Welcome to the first of a series of posts about window styles in SCI games. In this first entry I’ll go over the most basic of window styles available, the kernel-drawn one.

A regular old SCI window is drawn by the kernel’s RDrawWindow function. It can draw or not draw various parts. The type property that you can set on a SysWindow object yields the following possibilities:

nwNORMAL (stdWindow for those of us with the original source) looks like exactly that. A filled frame with a shadow. There’s nothing particularly awesome about these.
nwTRANSPARENT (wNoSave) windows forego the filling-in, revealing that the drop shadow isn’t two lines but a full rectangle. As the proper name implies, this skips taking a little screenshot of what’s underneath so when the window is closed things can be restored quickly.
nwNOFRAME (wNoBorder) windows only have the fill.
nwTITLE (wTitled) windows extend upwards a little bit to make room for a title bar. If the title property is zero, the title bar is left empty. If it’s not, it better point to a valid string.
Besides these basic styles, you can also combine them. Surprising or not, there is a proper window in this image, with a port, location, pen color and everything.
Some combinations are a little silly to look at…
…while others are simply useless. If there’s no frame, there’s no title bar!
The fill is of course not always white (assuming it’s applied in the first place) — setting the back property to the desired color palette index handles the fill, and the color property likewise affects the contents, as demonstrated in Leisure Suit Larry 3.

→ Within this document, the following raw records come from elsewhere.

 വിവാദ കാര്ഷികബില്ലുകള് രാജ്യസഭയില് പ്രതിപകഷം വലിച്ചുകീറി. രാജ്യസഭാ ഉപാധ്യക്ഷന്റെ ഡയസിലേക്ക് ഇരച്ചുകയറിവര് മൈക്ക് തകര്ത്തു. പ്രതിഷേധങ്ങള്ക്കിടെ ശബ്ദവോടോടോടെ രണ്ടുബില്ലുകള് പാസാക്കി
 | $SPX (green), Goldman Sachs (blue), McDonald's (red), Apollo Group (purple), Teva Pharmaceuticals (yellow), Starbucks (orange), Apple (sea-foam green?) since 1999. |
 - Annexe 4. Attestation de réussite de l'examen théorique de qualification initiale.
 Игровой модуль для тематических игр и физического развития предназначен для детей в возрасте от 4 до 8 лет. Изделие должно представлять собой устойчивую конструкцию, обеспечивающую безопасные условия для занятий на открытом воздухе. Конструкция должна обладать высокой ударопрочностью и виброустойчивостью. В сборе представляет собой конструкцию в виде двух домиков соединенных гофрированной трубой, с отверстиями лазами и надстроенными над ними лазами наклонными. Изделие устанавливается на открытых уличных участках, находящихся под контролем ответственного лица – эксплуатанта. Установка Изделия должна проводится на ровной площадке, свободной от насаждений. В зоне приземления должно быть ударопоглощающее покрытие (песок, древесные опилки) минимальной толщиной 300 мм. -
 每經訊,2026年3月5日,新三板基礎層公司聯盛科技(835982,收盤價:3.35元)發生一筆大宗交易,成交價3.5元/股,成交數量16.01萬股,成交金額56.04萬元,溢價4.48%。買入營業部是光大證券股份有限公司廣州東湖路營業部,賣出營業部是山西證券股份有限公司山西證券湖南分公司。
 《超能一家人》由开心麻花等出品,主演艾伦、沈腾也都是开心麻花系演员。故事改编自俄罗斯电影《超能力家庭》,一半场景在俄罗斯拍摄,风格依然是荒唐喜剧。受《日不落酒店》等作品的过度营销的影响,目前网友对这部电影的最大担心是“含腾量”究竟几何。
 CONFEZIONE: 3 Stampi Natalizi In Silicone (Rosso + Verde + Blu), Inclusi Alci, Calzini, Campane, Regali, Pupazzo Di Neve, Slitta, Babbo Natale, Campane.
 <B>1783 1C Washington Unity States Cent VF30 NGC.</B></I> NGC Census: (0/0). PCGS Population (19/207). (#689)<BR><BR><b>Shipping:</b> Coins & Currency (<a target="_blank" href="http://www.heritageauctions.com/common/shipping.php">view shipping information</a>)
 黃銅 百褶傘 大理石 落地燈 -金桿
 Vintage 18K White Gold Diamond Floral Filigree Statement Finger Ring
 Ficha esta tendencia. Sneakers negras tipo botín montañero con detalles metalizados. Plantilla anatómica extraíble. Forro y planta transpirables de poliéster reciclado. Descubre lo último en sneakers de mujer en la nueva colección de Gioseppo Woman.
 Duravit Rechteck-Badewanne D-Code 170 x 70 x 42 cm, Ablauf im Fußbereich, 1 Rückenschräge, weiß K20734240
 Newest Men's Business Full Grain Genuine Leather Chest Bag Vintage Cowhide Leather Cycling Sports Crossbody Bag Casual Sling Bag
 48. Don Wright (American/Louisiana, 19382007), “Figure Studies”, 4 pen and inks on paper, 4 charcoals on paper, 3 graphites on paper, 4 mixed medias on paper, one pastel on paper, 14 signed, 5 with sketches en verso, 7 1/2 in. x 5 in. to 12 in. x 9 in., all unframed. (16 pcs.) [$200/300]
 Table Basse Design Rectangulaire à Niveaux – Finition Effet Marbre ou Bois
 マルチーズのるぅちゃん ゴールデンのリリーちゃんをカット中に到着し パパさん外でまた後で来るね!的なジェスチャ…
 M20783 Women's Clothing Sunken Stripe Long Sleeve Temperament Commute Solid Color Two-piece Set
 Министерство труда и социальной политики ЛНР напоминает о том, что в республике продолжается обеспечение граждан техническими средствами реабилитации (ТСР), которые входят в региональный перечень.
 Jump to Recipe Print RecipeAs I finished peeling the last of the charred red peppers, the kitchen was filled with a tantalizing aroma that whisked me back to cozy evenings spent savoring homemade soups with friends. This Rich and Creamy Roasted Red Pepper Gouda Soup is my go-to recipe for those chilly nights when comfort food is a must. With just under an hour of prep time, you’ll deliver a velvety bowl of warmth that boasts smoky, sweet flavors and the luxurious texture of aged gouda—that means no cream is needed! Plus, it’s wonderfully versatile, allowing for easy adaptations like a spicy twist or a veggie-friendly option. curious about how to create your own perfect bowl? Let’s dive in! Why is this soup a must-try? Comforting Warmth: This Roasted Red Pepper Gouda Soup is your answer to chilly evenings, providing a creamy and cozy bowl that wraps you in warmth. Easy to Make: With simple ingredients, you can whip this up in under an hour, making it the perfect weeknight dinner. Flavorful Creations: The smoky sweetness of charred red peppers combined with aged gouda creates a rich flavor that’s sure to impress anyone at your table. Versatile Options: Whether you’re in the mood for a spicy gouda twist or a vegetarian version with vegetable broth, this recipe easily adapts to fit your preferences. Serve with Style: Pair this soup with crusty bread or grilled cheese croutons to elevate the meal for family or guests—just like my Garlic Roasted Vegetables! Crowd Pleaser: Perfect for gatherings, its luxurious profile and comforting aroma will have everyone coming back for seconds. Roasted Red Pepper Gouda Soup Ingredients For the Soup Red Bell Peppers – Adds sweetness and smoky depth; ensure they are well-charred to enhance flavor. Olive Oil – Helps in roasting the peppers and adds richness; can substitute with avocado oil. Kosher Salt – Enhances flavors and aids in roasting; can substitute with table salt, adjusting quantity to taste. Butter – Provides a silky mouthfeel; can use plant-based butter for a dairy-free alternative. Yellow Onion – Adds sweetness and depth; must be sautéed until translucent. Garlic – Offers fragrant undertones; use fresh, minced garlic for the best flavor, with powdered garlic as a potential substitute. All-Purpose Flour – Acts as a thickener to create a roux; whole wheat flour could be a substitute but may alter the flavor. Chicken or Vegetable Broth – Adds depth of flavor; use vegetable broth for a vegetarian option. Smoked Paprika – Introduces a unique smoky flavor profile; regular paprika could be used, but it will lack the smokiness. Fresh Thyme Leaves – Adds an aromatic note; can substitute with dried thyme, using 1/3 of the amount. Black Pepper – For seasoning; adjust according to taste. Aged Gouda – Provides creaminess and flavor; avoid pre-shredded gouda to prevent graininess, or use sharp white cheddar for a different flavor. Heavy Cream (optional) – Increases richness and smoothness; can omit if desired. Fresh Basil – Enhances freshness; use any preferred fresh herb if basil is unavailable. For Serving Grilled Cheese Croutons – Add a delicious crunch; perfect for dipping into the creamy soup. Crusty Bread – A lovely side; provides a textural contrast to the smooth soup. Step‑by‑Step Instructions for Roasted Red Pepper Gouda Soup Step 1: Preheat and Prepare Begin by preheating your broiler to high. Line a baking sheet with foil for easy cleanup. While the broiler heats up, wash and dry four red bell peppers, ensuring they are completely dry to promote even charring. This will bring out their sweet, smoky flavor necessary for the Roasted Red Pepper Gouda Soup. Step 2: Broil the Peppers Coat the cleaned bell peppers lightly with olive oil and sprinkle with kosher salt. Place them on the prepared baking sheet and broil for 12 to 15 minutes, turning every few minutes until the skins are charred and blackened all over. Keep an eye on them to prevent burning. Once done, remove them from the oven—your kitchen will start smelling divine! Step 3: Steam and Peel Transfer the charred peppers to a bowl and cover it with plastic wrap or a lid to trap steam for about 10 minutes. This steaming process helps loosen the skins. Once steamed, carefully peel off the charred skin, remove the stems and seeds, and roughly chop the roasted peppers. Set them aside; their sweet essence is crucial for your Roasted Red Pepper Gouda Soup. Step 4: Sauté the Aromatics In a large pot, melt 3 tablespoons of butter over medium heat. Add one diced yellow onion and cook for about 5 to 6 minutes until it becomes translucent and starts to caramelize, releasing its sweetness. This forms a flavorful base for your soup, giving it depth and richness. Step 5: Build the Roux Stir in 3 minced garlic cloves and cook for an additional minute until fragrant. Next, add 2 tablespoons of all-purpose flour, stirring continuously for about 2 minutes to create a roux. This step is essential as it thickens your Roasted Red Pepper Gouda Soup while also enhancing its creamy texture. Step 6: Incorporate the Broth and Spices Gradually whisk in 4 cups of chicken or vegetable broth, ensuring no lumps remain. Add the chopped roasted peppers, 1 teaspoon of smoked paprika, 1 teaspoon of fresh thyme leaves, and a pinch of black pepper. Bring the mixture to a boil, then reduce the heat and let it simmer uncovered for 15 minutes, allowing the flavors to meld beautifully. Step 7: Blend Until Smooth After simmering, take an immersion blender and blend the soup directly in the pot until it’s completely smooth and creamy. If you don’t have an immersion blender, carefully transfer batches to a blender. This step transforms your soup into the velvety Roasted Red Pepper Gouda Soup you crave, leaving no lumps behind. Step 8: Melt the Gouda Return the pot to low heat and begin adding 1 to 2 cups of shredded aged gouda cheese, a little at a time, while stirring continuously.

One last style bit is 128/0x80 wCustom, which has no SCI Studio/Companion counterpart constant and makes the kernel not draw anything at all. This is specifically for custom-drawn window frames, as we’ll cover in the next part.

The logic for RDrawWindow goes a little like this:

  1. If we don’t have wNoSave set, save the underbits.
  2. If we don’t have wCustom set
    1. If we don’t have wNoBorder set
      1. Draw the frame and drop shadow. We’ve already raised the roof in RNewWindow.
      2. If we have wTitle set, draw the bar and (if nonzero), the title text. We now have something like style 1 or 5.
    2. Shrink the window rectangle a bit.
    3. If we don’t have wNoSave set, draw the window interior. Basically, do style 2.
  3. Show what we have wrought.¹

And that’s all there is to know about how a SysWindow is drawn to the screen.

¹: actual comment at this step.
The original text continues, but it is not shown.